2.3. The Study Plots

[18] We selected two floristically and structurally similar, 1-ha (100 × 100 m) plots for the experiment from an initial survey of 20 ha of forest. We encountered 182 and 203 species represented by individuals with diameter at breast height (1.3 m dbh) of at least 10 cm (trees) and 5 cm (lianas) in the treatment and control plots, respectively (Table 1). The plots shared 54 tree species in common with at least 2 individuals per plot (and minimum diameter of 10 cm), and therefore allowed us to compare responses to the experimental treatment within the same species.

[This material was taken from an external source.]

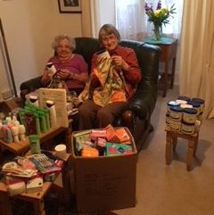 St Mary’s Knitting Group has so far amassed 48 Dignity Bags seen pictured packed in banana boxes, ready to be dispatched to refugees in Syria, via Samara’s Aid Appeal. Hopefully 12 more will be put together by the time they have to go off to the depot in Worthing on January 25, ready for shipment to the refugee camps.

Table 1. Biomass, Basal Area, and Number of Tree and Liana Species in the 1-ha Throughfall Exclusion (Treatment) and Control Forest Plots, Tapajós National Foresta
  • a

    Mean ± SE for sampled variables.

Aboveground live biomass (>10 cm dbh trees, >5 cm dbh lianas), Mg ha−1291305
Basal area (>10 cm dbh), m2 ha−132.530.8
Coarse root biomass (>2 mm diameter, 0–12 m depth, n = 3), Mg ha−132.9 ± 6.830.0 ± 5.9
Fine roots, 0–0.1 m depth (<2 mm diameter, live and dead, n = 20), Mg ha−12.5 ± 0.253.5 ± 0.34
Fine roots, 0.1–6.1 m depth (<2 mm diameter, live and dead, n = 20), Mg ha−10.9 ± 0.080.7 ± 0.06
Total root biomass, Mg ha−136.3 ± 734.2 ± 6
Number of tree (>10 cm dbh) and liana (>5 dbh) species182203

[19] The plots also had similar physiognomy, with the exception of a 600-m2 treefall gap on the edge of the control plot. The forest surrounding the plots had emergent trees up to 55 m in height, with continuous canopy varying in height from 18 to 40 m. The study plots were placed in areas where most of the canopy was <30 m high to facilitate access to the tree crowns. Aboveground biomass of trees ≥10 cm dbh and lianas ≥5 cm basal diameter at the beginning of the experiment was 291 and 305 Mg ha−1 in the treatment and control plots, respectively, using the diameter-based allometric equations of Chambers et al. [2001] for trees and of Gerwing and Farias [2000] for lianas (Table 1). Coarse root biomass to 12 m depth (>2 mm diameter, live and dead) was 33 and 30 Mg ha−1 for the treatment and control plots, respectively, based on roots encountered during the excavation of three soil shafts per plot (described below), and dried to 65°C (Table 1). Fine root biomass (0–2 mm diameter, live and dead) was 3.4 and 4.2 Mg ha−1 for the treatment and control plots, respectively, based on twenty auger borings to 6 m depth, with 1.5-kg soil samples collected at 0–0.1, 0.5, 1 m, and at 1-m intervals to 6 m depth (Table 1). Roots were separated from the soil using a combination of sieving of the soil in suspension through a 0.6 mm nylon mesh, and visual inspection of the soil slurry following sieving.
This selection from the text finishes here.